What do you mean here ? We shall display lists all static stuffs on nv and 3dlabs cards, but should keep them inside VBO under other cards ? Is that really a good thing to do that ?Hey, don't shoot the messenger.

macarter
07-07-2005, 11:35 AM
Originally posted by andras:
Please share your thoughts on this subject!Map() and copy is 15% faster than BufferSubData() on my benchmarks using Catalyst 5.1 X800XT.

Map() provides a pointer that can be used to fill a VBO in a thread lacking a GL context. I use a high priority thread to draw and a low priority thread to fill the VBO. I see this as a great advantage that becomes even greater on a multicore CPU.

andras
07-07-2005, 02:34 PM
Map() provides a pointer that can be used to fill a VBO in a thread lacking a GL context. I use a high priority thread to draw and a low priority thread to fill the VBO. I see this as a great advantage that becomes even greater on a multicore CPU.That's _exactly_ what I do! I believe that Map() is fundamentally more powerful than BufferData & friends, the only problem is I have to double buffer manually if I want to get the best performance out of it.

Again, could some driver guy look into why BufferData(NULL) seems to be much slower than just switching between preallocated buffer objects?? It would make life soo much easier, if we could just use that!! Thanks!

tamlin
07-07-2005, 05:33 PM
Just a stab in the dark here, but could it make a performance difference to disable the client state before calling BufferData(NULL)?

andras
07-08-2005, 07:07 AM
I don't know, will have to try that! But this brings me to another interesting question: So, I was re-reading this nVidia document (http://developer.nvidia.com/object/using_VBOs.html) on VBO usage, and there is a section called "Avoid calling glVertexPointer() more than once per VBO", where they say, that all the actual setup happens on glVertexPointer call! Now how exactly does this work in the shader era, when we have to bind attribute arrays to locations? For example I have lots of different shaders, and each shader have multiple attributes, and different attributes are stored in different VBOs.
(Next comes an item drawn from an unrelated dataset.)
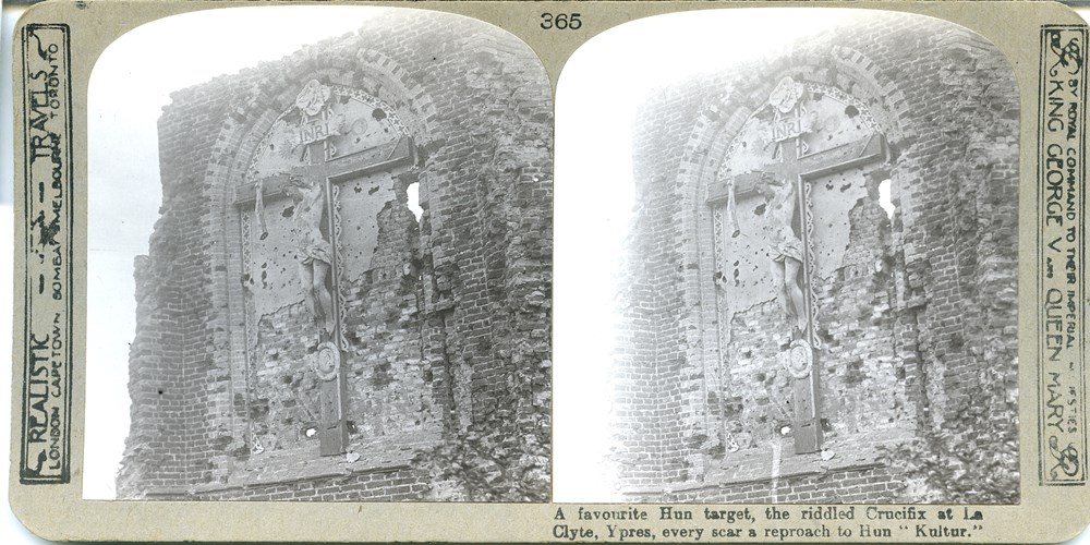 A favourite Hun target, the riddled Crucifix at La [Clyte], Ypres, every scar a reproach to Hun "Kultur"

So for each attribute, I have to bind the corresponding VBO, and then call VertexAttribPointer(location..) to attach the buffer to a location. And I'll have to do this every time I change shaders, right? And of course every time I request new memory with glBufferData(NULL)! Or am I missing something? I have to admit that I feel a bit lost here. If someone could shed some light on how this works it would be really appreciated! Thanks!

zeckensack
07-08-2005, 08:08 AM
Originally posted by macarter:
I use a high priority thread to draw and a low priority thread to fill the VBO.Just some friendly advice, learned the hard way: you shouldn't use thread priorities at all on Win32.
Quick summary: a high priority thread cannot sleep. It will only yield the CPU when it waits on a waitable object, or when another thread of equally high priority is ready to run.

The result is
1)disastrous performance on single-core machines, if you rely on Sleep, SwitchToThread, Yield, whatever
2)nothing on multi-core or "HyperThreading" CPUs. You don't lose anything and neither do you gain anything by fiddling with priorities.

Just don't do it. Please.

andras
07-08-2005, 11:06 AM
Just some friendly advice, learned the hard way: you shouldn't use thread priorities at all on Win32.
Quick summary: a high priority thread cannot sleep. It will only yield the CPU when it waits on a waitable object, or when another thread of equally high priority is ready to run.
Hmm, I dunno, it works like a charm here.. Our main thread doesn't use a lot of CPU (we make the GPU sweat instead ;P), but it has to be super responsive! So actually, our idle thread uses 90% of the CPU, it's kinda funny.. :)

Dirk
07-08-2005, 01:24 PM
Originally posted by macarter:
Map() provides a pointer that can be used to fill a VBO in a thread lacking a GL context. I use a high priority thread to draw and a low priority thread to fill the VBO. I see this as a great advantage that becomes even greater on a multicore CPU.[/QB]Is that well-defined behaviour or just blind luck? Can we depend on that being the case? I would have imagined that AGP-mapped memory would be thread-specific, which would break this behaviour. Doesn't seem to be the case, but is that true for other OSes, too?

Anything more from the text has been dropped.